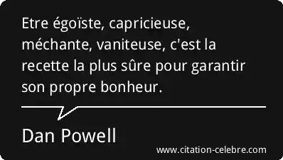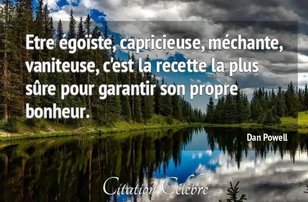 Etre égoïste, capricieuse, méchante, vaniteuse, c'est la recette la plus sûre pour garantir son propre bonheur.
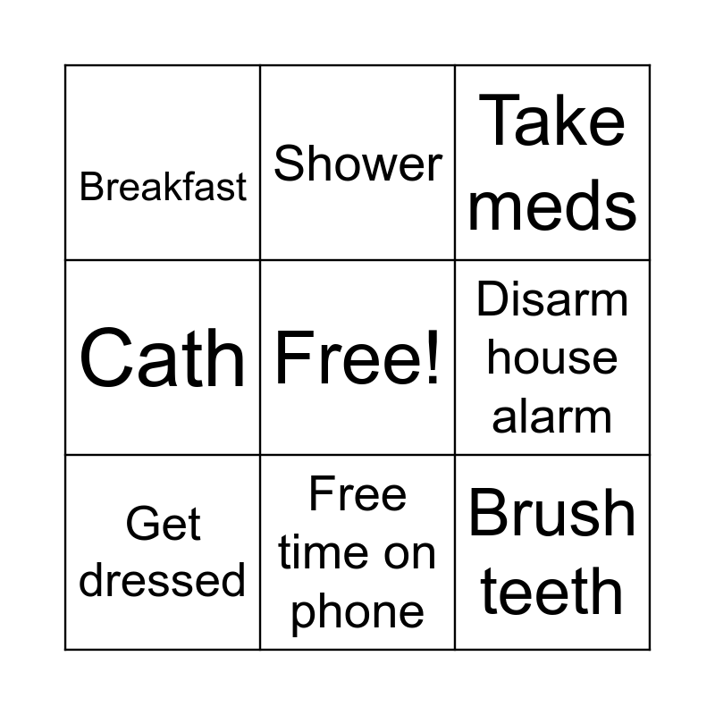 This bingo card has a free space and 8 words: Disarm house alarm, Take meds, Shower, Get dressed, Breakfast, Brush teeth, Cath and Free time on phone.
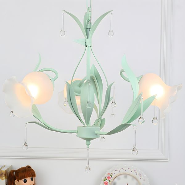 Whimsical Floral Chandelier with Crystal Drops and Frosted Flower Shades - 110V-120V Green 3 A
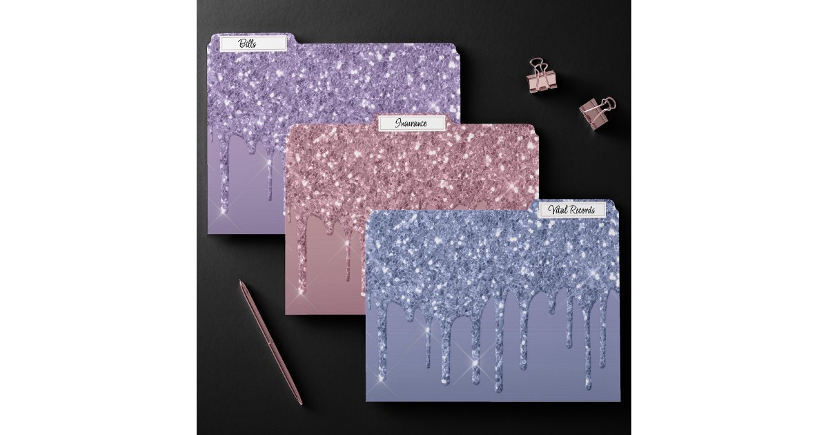 Dripping Glitter | Muted Dusty Pastel Sparkle File Folder | Zazzle
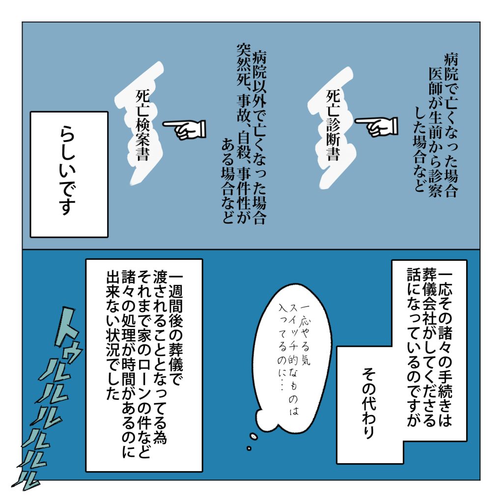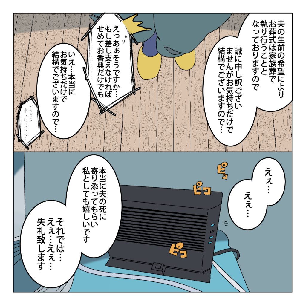 スポンサーリンクおすすめ記事マタハラする上司のせいで会社が死ぬほど嫌い【114...マタハラする上司のせいで会社が死ぬほど嫌い【113...明るい髪色の素敵おばあになりた〜い【1】一人になった家事猫のこれから連載一覧 夫の骨壷をうちのお墓に入れるまでお静かにしてください【13】2025.03.132025.04.01スポンサーリンク前のお話夫の骨壷をうちのお墓に入れるまでお静かにしてください【12】こちらのお話は家事しないと死ぬ旦那を描いてる人のリアル絵日記です詳細についてはこちらの家事しないと死ぬ旦那を描いてる人の話をご覧ください他のお話も是非ご覧ください死んだ夫からのクリスマスプレゼント【1】家事しないと死ぬ旦那を描いてる人の夫が死ぬ前に描いてる人に言った願い【1】他の連載もご覧下さい 広告家事しないから逮捕される旦那【39】 広告 広告 ちょっと未完成ですちょいちょい直します…次の更新のお話はこちら夫の骨壷をうちのお墓に入れるまでお静かにしてください【14】 12

○ ○ ○ ○

YOUR INSTRUCTIONS
Would you set down only the lines above from the line with "This bingo card" to the line with "Dripping Glitter |", both included, exactly as they stand and without the pictures?

RESPONSE
 This bingo card has a free space and 8 words: Disarm house alarm, Take meds, Shower, Get dressed, Breakfast, Brush teeth, Cath and Free time on phone.
 Whimsical Floral Chandelier with Crystal Drops and Frosted Flower Shades - 110V-120V Green 3 A
 Dripping Glitter | Muted Dusty Pastel Sparkle File Folder | Zazzle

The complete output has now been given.